### [WHAT IS REQUIRED]
Only the pictures are to be dropped; return all other data below exactly.

----- DATA PROVIDED -----

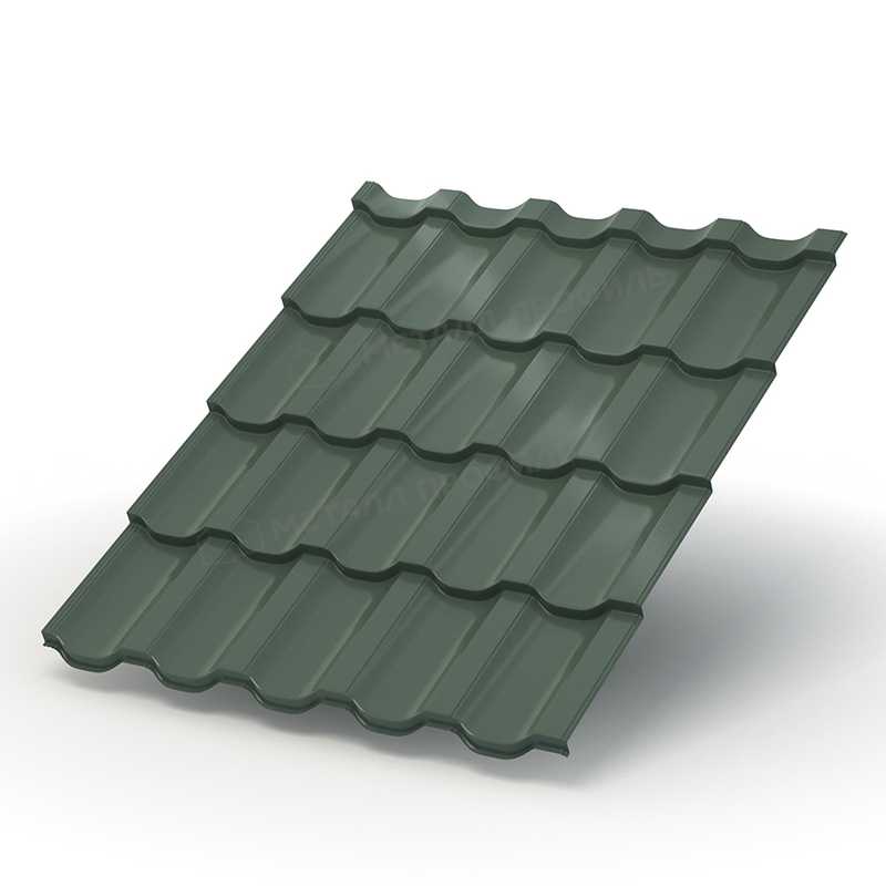 Металлочерепица с профилем Трамонтана-SL толщиной 0,5 мм и покрытием PURETAN® в оттенке RR 11 Элегантный зеленый представляет собой надежный кровельный материал от компании Металл-Профиль. Этот продукт сочетает в себе эстетику натуральной черепицы с прочностью металла, обеспечивая долговечность и стильный вид для крыш жилых и коммерческих зданий. Покрытие PURETAN® гарантирует стойкость к коррозии и выцветанию, а цвет "Элегантный зеленый" добавляет гармонии с природой.
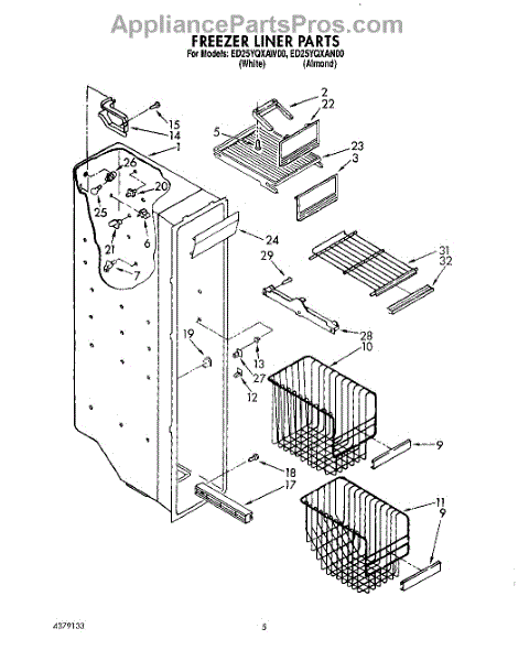 Parts for Whirlpool ED25YQXAW00: 04 - Freezer Liner Parts
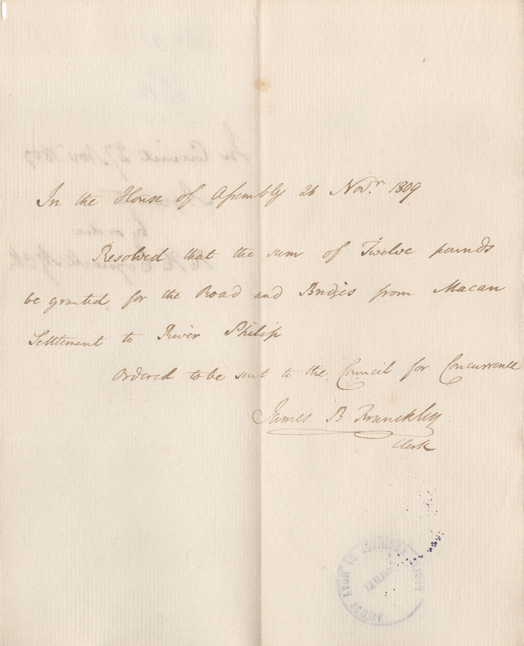 Reference: Nova Scotia House of Assembly Nova Scotia Archives RG 5 Series A volume 16 number 55
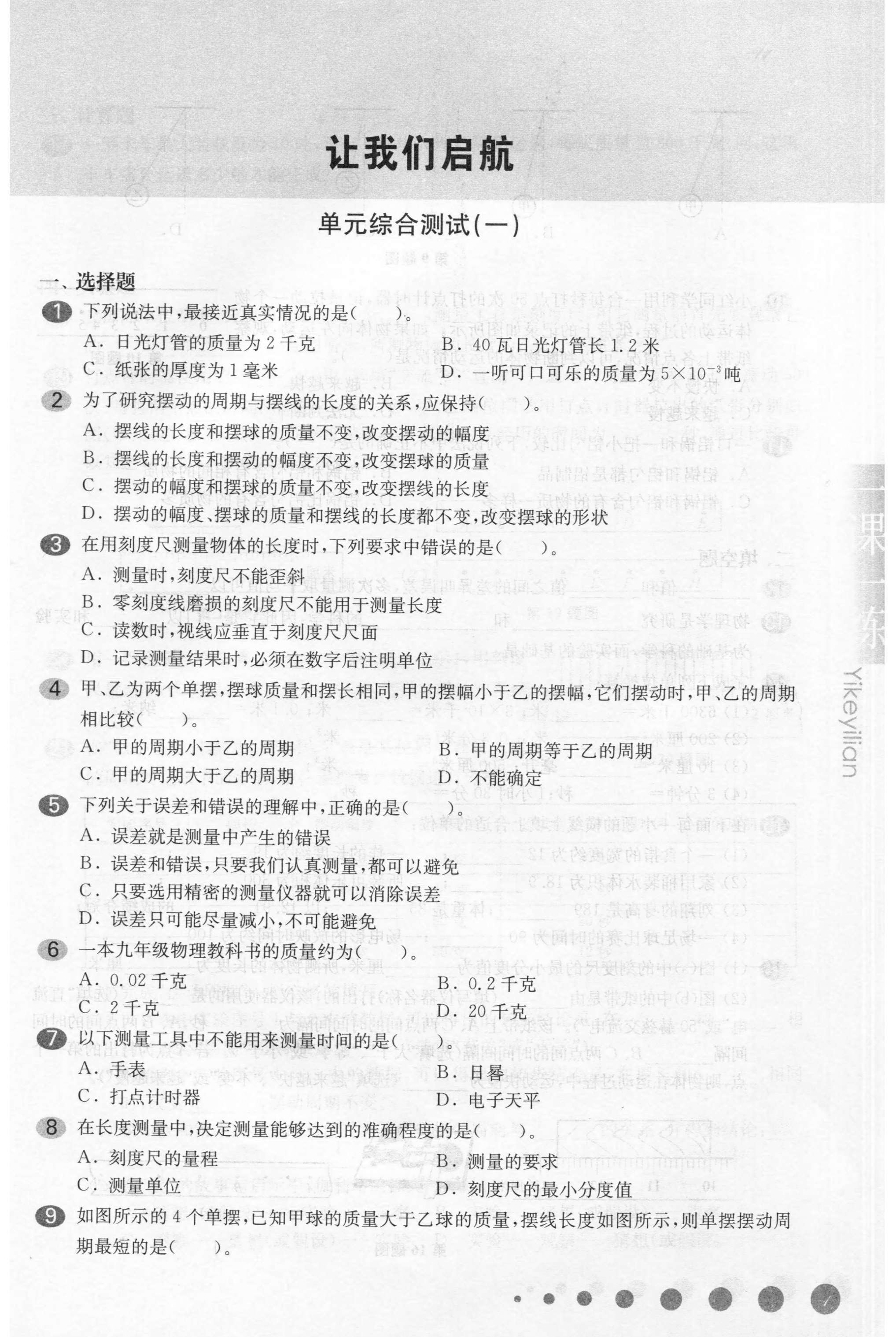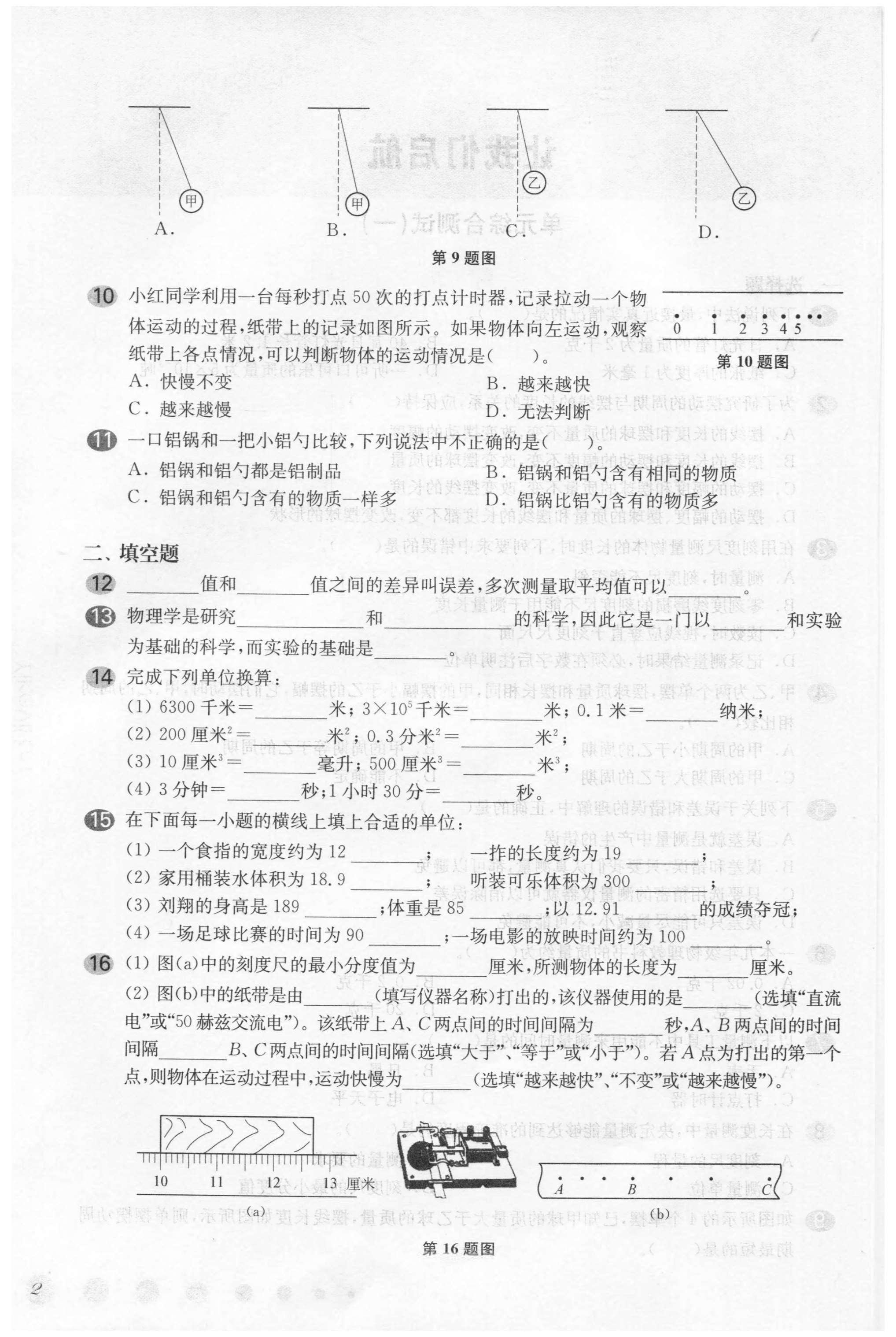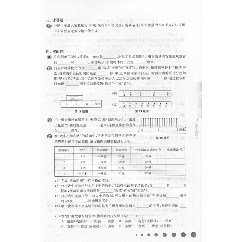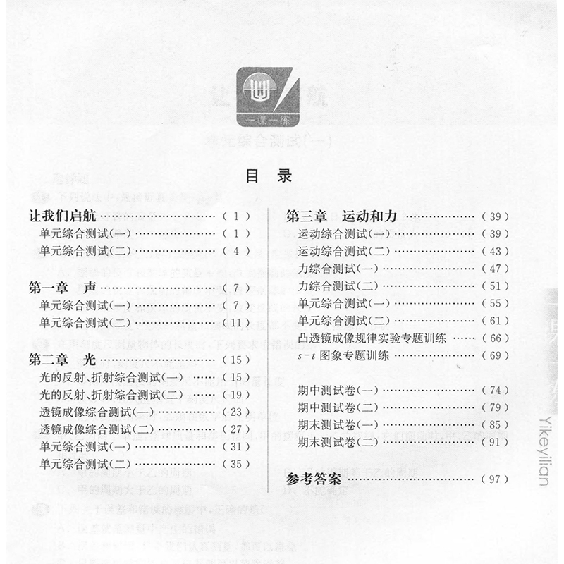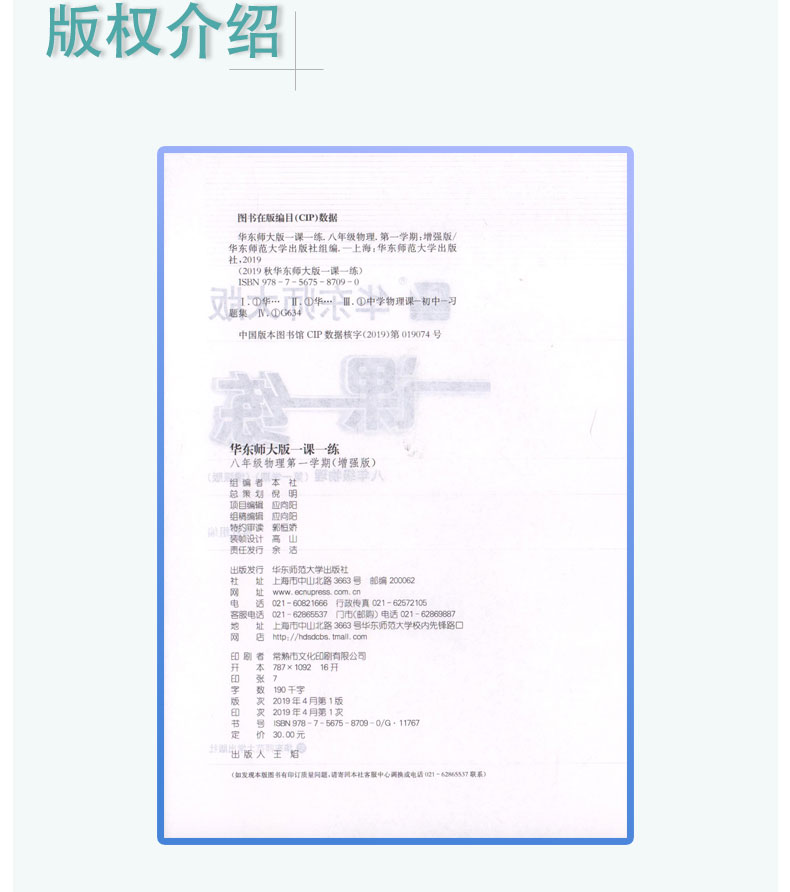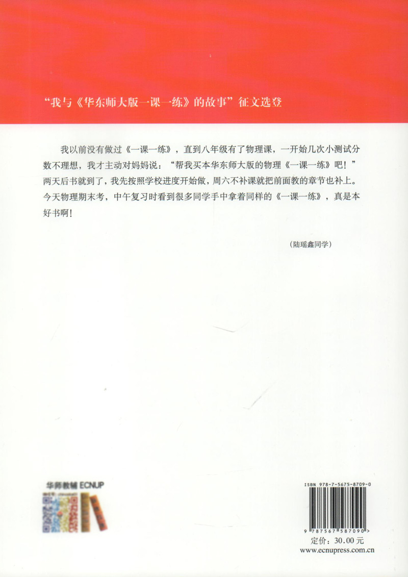 2020新版 华东师大版一课一练 物理 增强版 八年级上册/8年级第一学期 上海初中初二教材教辅配套课后同步练习 华东师范大学出版社

-----

### [EXERCISE RESULT]
 Металлочерепица с профилем Трамонтана-SL толщиной 0,5 мм и покрытием PURETAN® в оттенке RR 11 Элегантный зеленый представляет собой надежный кровельный материал от компании Металл-Профиль. Этот продукт сочетает в себе эстетику натуральной черепицы с прочностью металла, обеспечивая долговечность и стильный вид для крыш жилых и коммерческих зданий. Покрытие PURETAN® гарантирует стойкость к коррозии и выцветанию, а цвет "Элегантный зеленый" добавляет гармонии с природой.
 Parts for Whirlpool ED25YQXAW00: 04 - Freezer Liner Parts
 Reference: Nova Scotia House of Assembly Nova Scotia Archives RG 5 Series A volume 16 number 55
 2020新版 华东师大版一课一练 物理 增强版 八年级上册/8年级第一学期 上海初中初二教材教辅配套课后同步练习 华东师范大学出版社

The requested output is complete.